特に私のケースで言えば、下記の点が特にきつく感じた。
フリーランスを辞めたい理由1:子どもができた
妻は妊婦だ。家族が増える。フリーランスにとって、これほど将来を考えさせるイベントはないだろう。この不安定な収入で、家族を養っていけるのか。もちろん、妻には期待している。産休や育休はあるが、それが終わったら頑張って働いていただきたい。共働き全盛時代。お互い頑張りましょう。
しかし、私も頑張らなくてはならない。少なくとも年収500万円ぐらいは確保したい。となると、今以上に勤労に励まなくてはならない。常駐フリーランスになって、安定的な月収を獲得するのも手だ。あるいは、新規案件をとって、今以上に高単価の仕事で収入アップを目指すのもよい。
最悪、再就職も視野に入れている。視野に入れていると言うか、もうアクション起こしちゃう。リクナビNEXT、リクナビエージェント、マイナビ転職などを活用したい。
自分には会社員はストレスばかりで、向いていない。それはわかっているが背に腹はかえられない。地獄に落ちる日も近いかもしれない。
フリーランスを辞めたい理由2:花金のサラリーマンを見た
金曜日の夕方、4時頃に、中華料理店に入店する3人のスーツ姿の男を見たことがある。おそらく客先から直帰するという連絡を会社に入れた勤め人だろう。終業時間はもう少し先のはずだ。でも、そんなことは関係ない。
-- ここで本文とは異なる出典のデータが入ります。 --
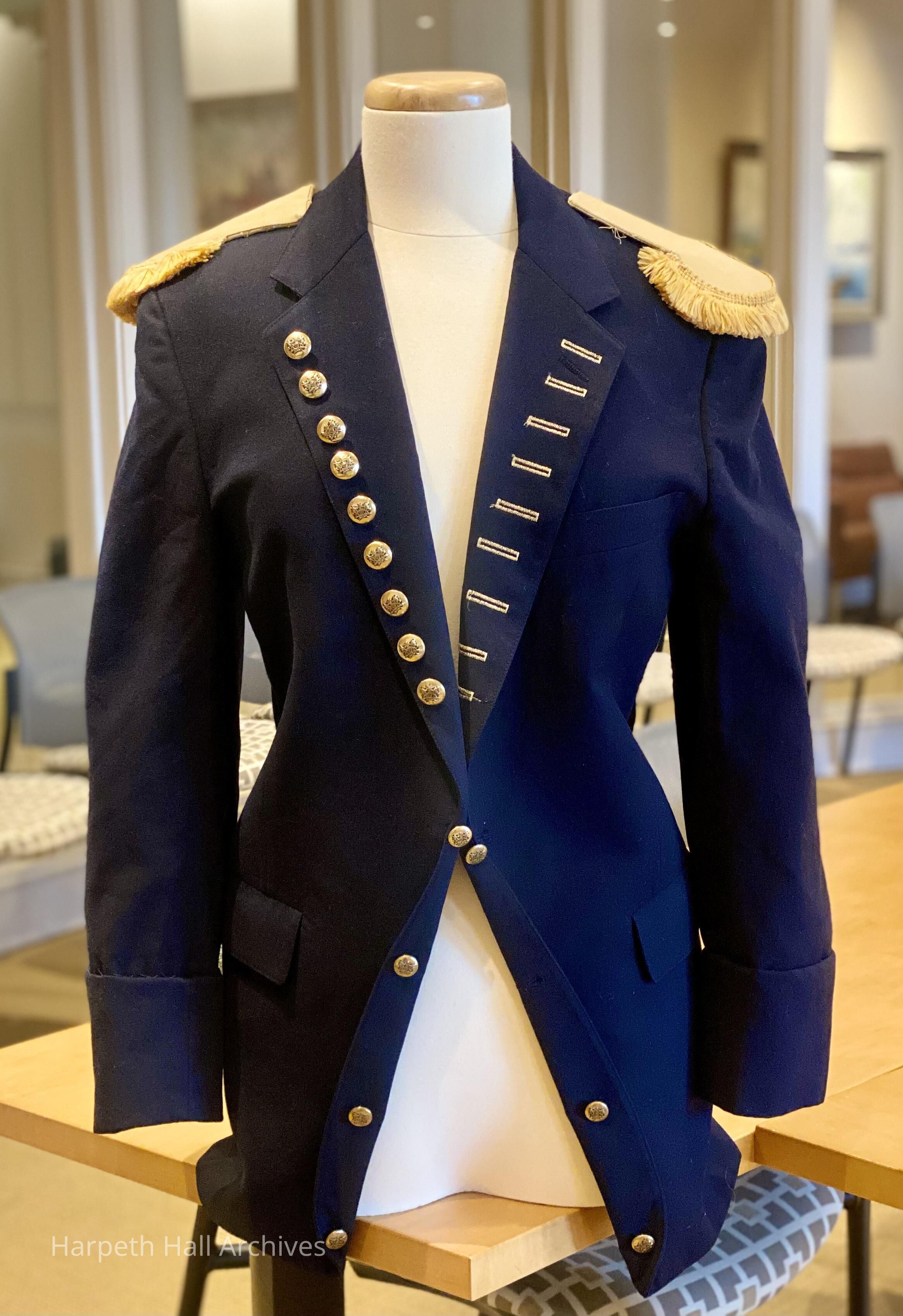 A military-style tunic, worn by students playing the role of George Washington in the George Washington Day Celebration. Younger students played either a solider, a sailor, or a lady or gentleman; two older students were chosen to play George and Martha Washington.Context

なぜなら今日は花金だから。金曜日の夜の直帰は勤め人の特権だ。一仕事終えて、薄暮に町中華に吸い込まれる男性。笑い声がいつもより大きいはずだ。
ストレスから解放され、後は飲酒で天国に直行。お互いを労いあうのも良いだろう。同僚の悪口を言うのも良いだろう。品性はないが、社内の美人社員を品定めするのも、今日は良いだろう。花金だ。薄給や労働時間について文句たらたらも言いだろう。金曜の夜のサラリーマンは無敵だ。
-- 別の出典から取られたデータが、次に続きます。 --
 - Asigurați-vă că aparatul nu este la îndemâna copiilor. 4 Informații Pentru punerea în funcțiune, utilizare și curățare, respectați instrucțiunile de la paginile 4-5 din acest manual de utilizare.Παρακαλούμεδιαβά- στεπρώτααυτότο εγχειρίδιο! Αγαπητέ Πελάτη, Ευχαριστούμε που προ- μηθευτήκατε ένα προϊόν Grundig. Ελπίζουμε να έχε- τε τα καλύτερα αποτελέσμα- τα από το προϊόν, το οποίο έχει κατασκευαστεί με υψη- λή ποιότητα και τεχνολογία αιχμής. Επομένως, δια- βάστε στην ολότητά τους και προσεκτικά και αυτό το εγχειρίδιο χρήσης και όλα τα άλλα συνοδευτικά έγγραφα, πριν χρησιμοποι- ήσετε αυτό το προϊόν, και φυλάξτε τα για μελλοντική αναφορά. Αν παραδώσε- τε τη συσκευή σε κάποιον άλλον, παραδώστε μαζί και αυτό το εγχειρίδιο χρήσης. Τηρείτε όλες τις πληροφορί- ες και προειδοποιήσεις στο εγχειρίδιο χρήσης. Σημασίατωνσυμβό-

私は彼等をみて、心底思った。会社員ってうらやましい。
フリーランスは孤独だ。人間は社会的な生き物らしいが、私のように家でシコシコと仕事をこなしている自営業者は、社会とは隔絶された存在になりがちだ。たまには誰かと飲みにでかけないとならない。しかし街に繰り出すのはおっくうだ。結果、孤立する。精神衛生上、とてもよくない。
勤め人は、ほとんどの場合、楽しくない。ただし、花金の夜は別だ。金曜日だけ働く週1勤務の仕事を探さなくてはならないかもしれない。
まとめ
フリーランスにはメリットもデメリットもある。ライフイベントの発生や収入状況の変化、心情の変化などによって、働き方を柔軟に変える必要があるかもしれない。
私のように、近い将来に家族ができる人間は特に、中途の方針転換が求められている。ITであれ、デザイナーであれ、コンサルであれ、編集・ライターであれ、「再就職」という選択肢も入れる必要があろう。
私もそろそろ再就職を考えている。転職サイトやエージェントを使うことになるだろう。登録が少々面倒だが、現在の自分の転職市場での価値を知るためにも、早めのアクションが必要だ。